This neural implant could radically improve the lives of disabled people
The Stentrode, a neural implant can let paralyzed people communicate. Image: REUTERS/Baz Ratner
Brain-computer interface
For the first time, doctors are preparing to test a brain-computer interface that can be implanted onto a human brain, no open surgery required.
The Stentrode, a neural implant that can let paralyzed people communicate, can be delivered to a patient’s brain through the jugular vein — and the company that developed it, Synchron, just got approval to begin human experimentation.
By leaving the skull sealed shut, patients could receive their neural implants without running as great a risk of seizures, strokes, or permanent neural impairments, all of which can be caused by open-brain surgery.
In the coming months, five participants with paralyzed hands or mouths that prevent them from communicating will have Stentrodes implanted into their brains.
“We’ve commenced recruitment over the last several weeks,” Synchron founder and CEO Thomas Oxley, a physician in New York City, told Futurism. “We’ve identified some potential patients so that’s very exciting, but there’s a several-month recruitment process once they come in.”
Ongoing process
As potentially game-changing as a neural implant that circumvents open brain surgery could be, Synchron is taking things slowly.
The work of building a functional device and showing that it’s safe in animal models is done; now it comes down to collecting and making sense of clinical data.
Before trials can begin, potential participants will need to undergo several brain scans. After that comes an evaluation from a neurologist to make sure that they would actually benefit from the Stentrode’s neural interface and that their blood vessels are in good enough shape to have the device — which looks like a standard medical stent with built-in circuitry — travel through them on its path to the brain.
But once the trial begins, Oxley said that the patients will start training to use the device and its software to generate text with their thoughts.
“We’re trying to help patients who have been paralyzed due to stroke or ALS or spinal cord injury, and who cannot communicate in the way they need to perform their work activities or their social activities,” Oxley said. “We’re working to generate text at a rate that’s comparable to texting speeds on a smartphone. That’s the goal.”
One step at a time
A permanent neural implant that reads brain activity and churns out text could prove to be a valuable medical tool, but it also could provide doctors with an unprecedented 24/7 stream of neural data.
Oxley recognizes that an endless feed of brain activity could be invaluable to medical researchers, but he doesn’t have plans to tap into that yet.
“[The Stentrode is] going to show us information that we hadn’t had before. Whether that helps us understand other things is not what we’re trying to do here,” he said, clarifying that Synchron’s primary goal is to get the new brain-computer interface working so that it can help paralyzed patients. “This is a novel data set, but this raises questions around privacy and security. That’s the patient’s data, and we can’t be mining that.”
Oxley told Futurism that they’ve already built in security protocols to make sure the study participants’ brain data, which will be stored locally, is future-proofed, and added that he doesn’t have plans — or regulatory approval — to analyze or study that data for other purposes in the future. In a follow-up email, he clarified that study participants are being asked to give consent for this particular experiment, but not to hand over their neural data for future research.
Distant future
But that doesn’t mean other developments aren’t coming. Oxley said that he could envision a future in which brain-computer interface neural implants do more than just restore the ability to communicate. Though this vision of the future is fairly speculative, it’s not hard to imagine that as neural implants — from Synchron or anywhere else — grow increasingly sophisticated, they allow people to do more and more things.

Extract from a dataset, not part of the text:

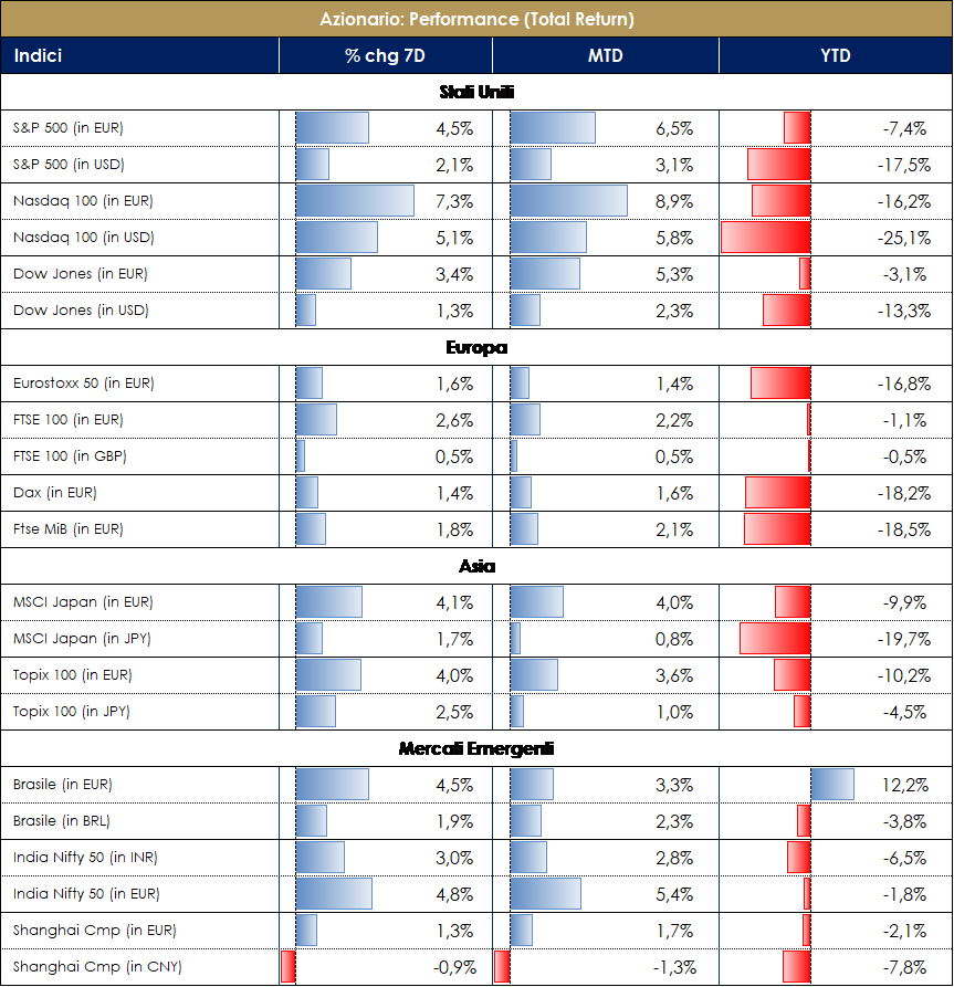 Settimana che si avvia a chiudere positiva per i mercati azionari nonostante la volatilità; centrali rimangono sempre i temi relativi alla guerra Russo-Ucraina, alle chiusure delle forniture di Gas (in Europa), alle dichiarazioni delle Banche Centrali nonché le connesse preoccupazioni sulla crescita del GDP. Il mercato Europeo chiude la settimana a ca +2%, dopo una flessione importante nella giornata di martedì. Stati Uniti, chiusi lunedì per l’Independence Day, positivi in tutte le sedute: S&P500 ca +2% e NASDAQ molto forte a +4,5% ca. Da inizio anno permane ancora il connubio di performance negative sia sull’azionario che sull’obbligazionario. Nella settimana è continuato il trend di discesa delle commodities. Da segnalare la svalutazione dell’eruo che in settimana è arrivato a sfiorare la parità con il USD. Dal mercato, continuano ad arrivare i segnali di “capitulation” con i fondi Azionari che, per la quarta settimana di fila, subiscono continui rimborsi a favore di inflows principalmente verso fondi monetari. In termini di flussi, a soffrire maggiormente sono i settori più ciclici (Energy, Financials,…) mentre beneficiano Health Care, Utilities ed IT beneficiano di inflows positivi. L’indice S&P si avvia a chiudere la settimana con un segno positivo di oltre il 2%, con Auto manufacturer +10%, Interactive Media & Services +9%, Footwear e Drug Retail +7%, i settori migliori; Home forniture -4%, Oil&Gas -4%% i settori peggiori; a livello di singoli nomi migliori performers Moderna +20%, ETSY +12% e ON Semiconductor +11,5%; i peggiori EOG Resources -6%, Fisrtenergy -5,7%. L’Indice Nasdaq 100 positivo a circa +4,5%, con Lucid Group +17,8%, Tesla +11% e Micron Technology + 10,5% i titoli migliori; JD.COM -5%, Pinduoduo -4,7% i titoli peggiori. Segno positivo anche in Europa con l’indice SXXP a ca +2%, trascinata da Real Estate +5.3%, Retail +5%, Tecnologia +4,7% ed Auto +4,5%; negativi Energy -3,75%. L’indice italiano FTSE MIB chiude la settimana intorno a +2%, con Diasorin + 8% ca, Finecobanck a +6%; negative Terna (-3%), Poste Italiane (-2,5%) e Snam -1.5%. +2,5% ca per l’indice delle mid cap italiane trascinato da GVS +13,5%, Pharmanutra +11,5% e Wiit +11%; negativi invece IREN -6.5%, Unieuro e Saras -5%. Si segnala che la prossima settimana vedrà la partenza della reporting season sul Q2/1H: ad iniziare, come di consueto, alcune maggiori banche US (JPMorgan e Morgan Stanley giovedì) che forniranno importanti indicazioni sul contesto economico e sulla spesa dei consumatori; inoltre, giovedì riporterà anche il colosso dei TSMC che potrebbe fornire insight relative all’effettivo stato di salute del settore dei semiconduttori e dei relativi problemi di strozzatura all’offerta. A cura del team Core Equity Value di MB SGR VIEW STRATEGICA: la view sul comparto azionario continua ad essere costruttiva. Tra i principali rischi evidenziati la normalizzazione della politica monetaria sembra ormai abbondantemente prezzata lasciando così presagire un suo minor impatto nei mesi futuri. Il perdurare della guerra in Ucraina e l’effetto dei lockdown in Cina restano come elementi di rischio al momento bilanciati dalle dinamiche positive degli utili societari che mantengono le valutazioni dei listini su valori storicamente interessanti. Azionario USA: il ciclo economico (pur in rallentamento) è ancora favorevole; nell’attuale contesto geopolitico l’area statunitense appare favorita alla luce di differenti fattori: l’indipendenza energetica la rende meno fragile ai rialzi dell’oil, il livello dell’interscambio commerciale con la Russia è modesto, la composizione dell’indice azionario la rende meglio posizionata a fronte di una Fed che dovesse mostrarsi meno aggressiva di quanto già prezzato dai mercati Azionario Europe: la situazione geopolitica ed in particolare la dipendenza energetica dalla Russia stanno riducendo il ritmo di espansione dell’economia gravando sull’inflazione. In tale contesto la normalizzazione della politica monetaria si configura come rischio aggiuntivo. |

“What’s behind paralysis? The intention to move. So we’re digitizing intention,” said Oxley. “Ultimately, if those signals are really fast, those patients or people are now controlling technologies with a level of superiority may not be possible with a regular human body.”
Synchron isn’t working on it now, but Oxley said that devices like the Stentrode could feasibly be used someday to control robotic limbs, exoskeletons, or other devices that improve human senses. Before Oxley or anyone else works towards those devices, he said that there’s an ethical minefield to navigate.
“When you start building software that controls devices that move — vehicles, robotic limbs, exoskeletons — what we’re doing is digitizing intent,” said Oxley. “If we can capture intent of the patient, we run our algorithm that spits out intent into mechanical use. Let’s say a robotic limb does the wrong thing: it picks up the wrong thing or pushes and hurts someone, who is responsible? It raises a lot of ethical considerations about how this technology moves forward.”